Usually we stay with our daughter Marie and her husband Dan at their home in West Jordan so we don’t have to drive back in the dark as I don’t see well at night, not that I ever have but it has gotten worse as I have gotten older. MGH continues to have excellent night vision and is the one this task falls on when we do find ourselves traveling then but even though he can and does this on the occasions where it is necessary it is easier to make the trip over two days.
This year, however, I decided that we could make it back before dark. When I put this idea on the table MGH gave me one of his ‘looks’. To which I replied airily, “We’ll be on our way by 3:OO p.m. and that will give us plenty of time to get home without having to drive in the dark”. I was concerned about making more work for Marie who hasn’t been feeling all that well these last few years and still hasn’t learned how to have ‘company’ without nearly killing herself trying to get her house, which doesn’t need it in the first place, all tidied up. I could see that MGH hadn’t changed his original opinion so I raised the ante by betting him a malt (strawberry, of course, for him) that I was right. With that enticement he crumpled which just goes to prove that the way to a man’s heart is through his stomach which fact has had much to do with the domestication of the male of the species.

Needless to say, he was right; we didn’t start home until 5 o’clock which meant we were right smack in the middle of the quittin’ time traffic which always adds a bit of spice to one’s life. As if we needed that in our already paranoid condition traveling bumper to bumper going 65 miles an hour. Not to worry, along with the signs that said “fines double for speeding in work zones” we found ourselves warned by additional signs that cautioned us that if needed we were to make room for emergency vehicles so that they could swoop in and cart off the remains of the injured as well as their vehicles. It didn’t take too much to arrive at the conclusion that there was a reason for said signs which fact was born out by slow downs caused by two separate serious accidents before we had gone fifteen of the 230 miles we needed to travel to get home and delayed us by a good hour.

This was in addition to the accident right in front of us as we traveled north that morning that started out with a car that was traveling in the fast lane several cars ahead of us suddenly heading east across three lanes of traffic and then reversing direction and stopping right smack in front of where we were traveling in the middle lane. Fortunately, we as well as the traffic behind us were able to slow down or stop as there could have well been multiple collisions. This allowed us all to continue on our way without further ado except for the ones who pulled over to help. You can’t tell me we didn’t have a guardian angel or two watching over us as we traveled!

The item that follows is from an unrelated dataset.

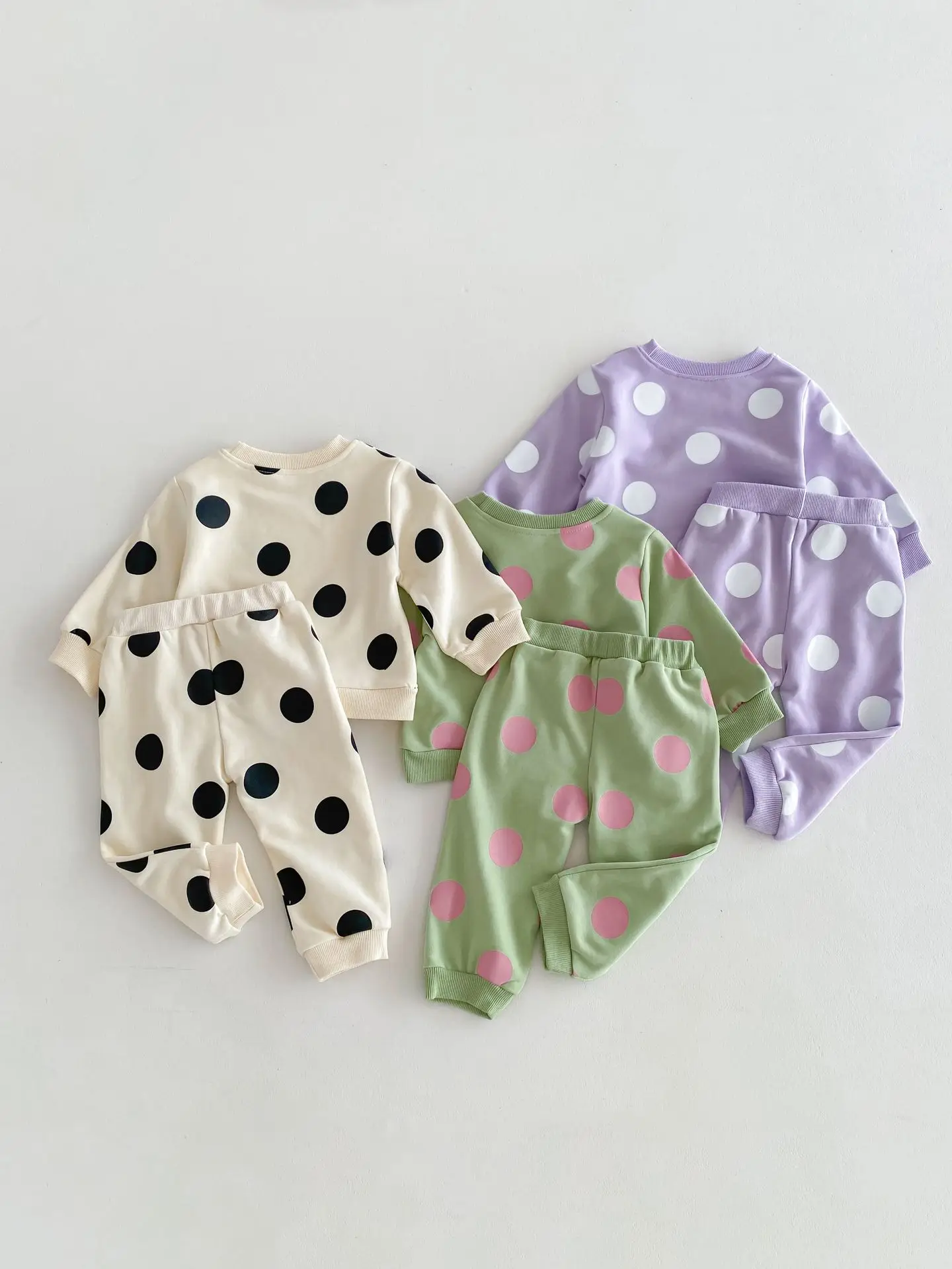 This polka dot sweatshirt and sweatpants set is crafted with 100% cotton for girls! Stay cozy and stylish with this comfortable and versatile outfit. Perfect for everyday wear or lounging around the house. Elevate your wardrobe with this must-have set.

We switched drivers at Payson and I drove the rest of the way home even though the last several hours were in the dark. Thank goodness there was a lot of moonlight! We arrived home by ten p.m. heaving a sigh of relief that once more we had successfully run the gauntlet between hither and yon. One of the things MGH and I always say to each other as we pull the car into our garage, no matter where that garage has been located is, “One more time.” One more time to have made it safely home after facing the perils of the road as we ensconce ourselves in the coffins on wheels we call cars and go merrily on our way—talk about faith!

I thought MGH husband would fall asleep at some point because it had been a long day but this didn’t happen. He read until it became too dark and then he sang to me his favorite songs about the moon. I loved it!